Author: shanelindsay

  • 5 Casting Switches From Otherwise Awesome Movies

    In TV, it’s called The Other Darrin. See, back when Bewitched first hit the airwaves, the character of mild-mannered husband Darrin was played by a guy named Dick York. When York became sick after a couple seasons (presumably from illness, not from all the fetching nose wiggling), they swapped him out for a guy named Dick Sargent. Bewitched ran another three years, Dick York for another 20, giving him the last laugh.

    Bewitched
    Besides the random replacement of the lead actor, nothing strange ever happened on Bewitched.

    Same character, blatantly different actor. It happens all the time. The internet is a little loose with this definition. They’ll count the fact that there have been four Batmans, or three Jack Ryans, or 403 different James Bonds. But usually those types of movies stand as individual films, with only incidental continuity needed between one film and the next.

    On the other hand, occasionally you get movies that are obviously part of a larger story. When an actor bows out (or dies, or makes too many unreasonable demands), that’s when the craziness really heats up.

    Here are my favorites.

    Crazy Old Wizards

    Harry Potter was originally planned as a 7-book series, and since one of the primary characters is a really old dude, the producers of the first movie had to be holding their breath at the thought of casting 973-year-old Richard Harris in the role of Hogwarts Headmaster Albus Dumbledore.

    Richard Harris as Professor Dumbledore
    Elizabeth Taylor loved him for the beard.

    Harry Potter and the Sorceror’s Stone went off with out a hitch, was a massive success, and Harris was signed for the sequel, Harry Potter and the Chamber of Secrets. It would turn out to be his last film.

    Knowing that they still had at least five more movies to go – more if they could saw a few of them in half – the producers turned to British actor Michael Gambon to replace Harris. Gambon was a high school junior at the time, and they buried him in a mountain of old age make-up and goat fur to disguise the transition. Gambon, who 5 movies later is now 70, should make it through the end of the last Potter film.

    Michael Gambon as Professor Dumbledore
    Elizabeth Taylor loved him for the beard.

    Superhero Sidekicks

    Even though I just said that casting switcheroos in superhero movies don’t really bother me, it’s just weird when the hero remains the same but the people around him are different. It’s happened twice in recent memory.

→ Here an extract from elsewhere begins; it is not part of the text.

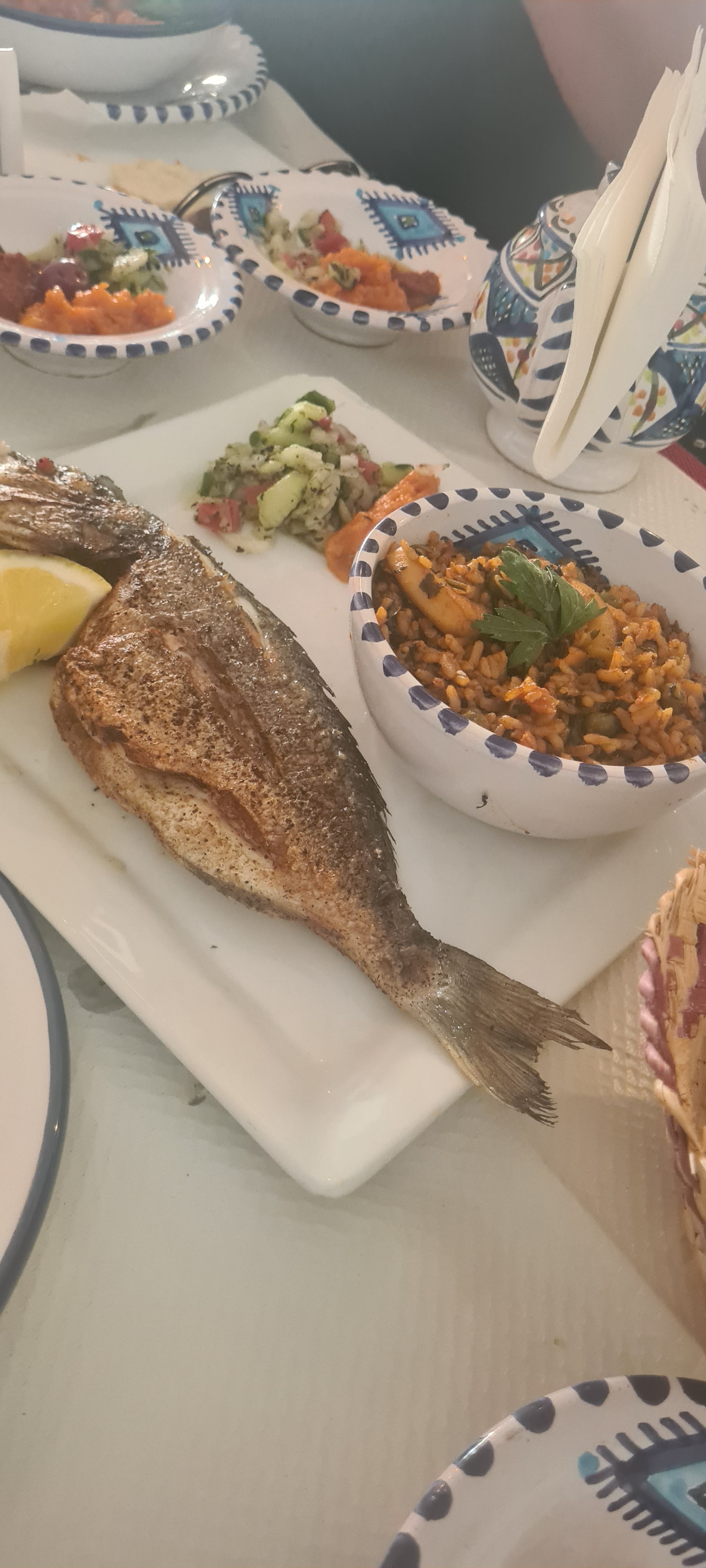 Très bonne ambiance, bon service Toutefois vraiment mais vraiment très déçu par les plats couscous poisson froid sauce sans goût vraiment a revoir le riz djerbien a éviter insipide .

    Terrence Howard as Jim Rhodes
    My best friend, the Colonel

    Terrence Howard played the long suffering Jim Rhodes character in the period romantic drama Iron Man, which surprisingly grossed $24 billion worldwide, one of the leading indicators that there will be a sequel.

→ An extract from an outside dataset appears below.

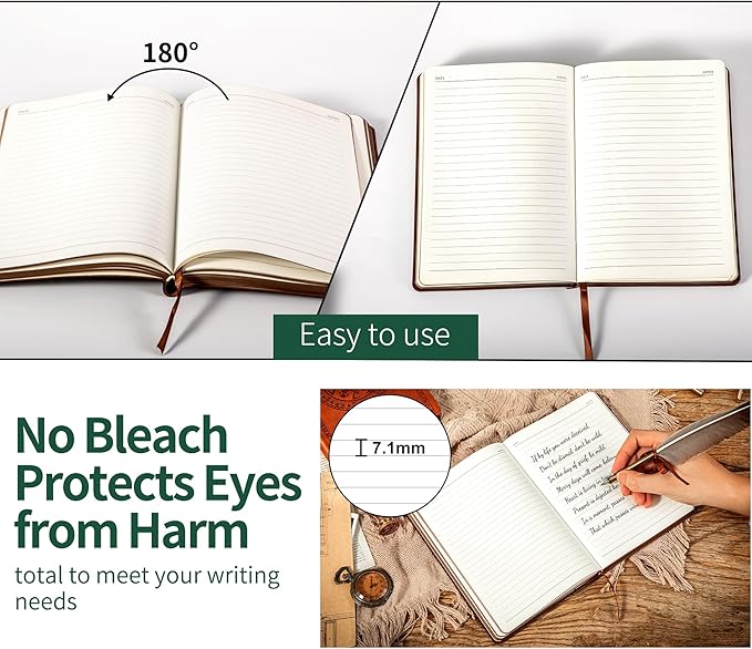 - LINED INNER PAPER - This leather softcover diary has 144 sheets/288 pages of lined papers; The rounded corners of the paper can protect the diary from curving. It can be 180 lay-flat, making it a pleasure to write in. Used 100gsm bleed proof paper, to ensure a quality writing experience.

    When it came to film Iron Man 2: Back in the Habit, suddenly there was a falling out. The producers heard that Howard didn’t like them, then Howard said that he did like them, just not in that way, then the producers got snippy and said something mean to one of Howard’s friends, so then he prank called their mothers. Anyway, Howard wasn’t asked back.

    Don Cheadle as Jim Rhodes
    A fun, less scowly Colonel than Terrence Howard

    Fortunately Terrence Howard is black, and so the producers hit upon the ingenious method of casting another black guy, apparently because they think we can’t tell the difference. Don Cheadle was brought on board, and he got to fly around in the Iron Man suit in the sequel rather than just stand by shaking his head, thereby twisting the dagger in Howard’s back just a little more.

    Katie Holmes as Rachel Dawes
    "… but, she doesn't look anything like me!"

    Oh, and we all know the girlfriend role doesn’t matter in superhero movies, right? How else can you explain the character of Rachel Dawes, who began life in Batman Begins as the pretty form of Katie Holmes, but suddenly found herself in the sleepy-eyed, husky-voiced persona of Maggie Gyllenhaal for The Dark Knight? Maybe Katie had her hands full just trying to talk Tom down off the couch.

    Maggie Gyllenhaal as Rachel Dawes
    "Yes I do."

    The Lambs Are Screaming

    Jodie Foster won an Oscar for her portrayal of FBI super-agent Clarice Starling in the psycho-thriller The Silence of the Lambs, an accomplishment that sounds impressive, until you realize that pretty much every single person associated with Silence of the Lambs won at least one Oscar.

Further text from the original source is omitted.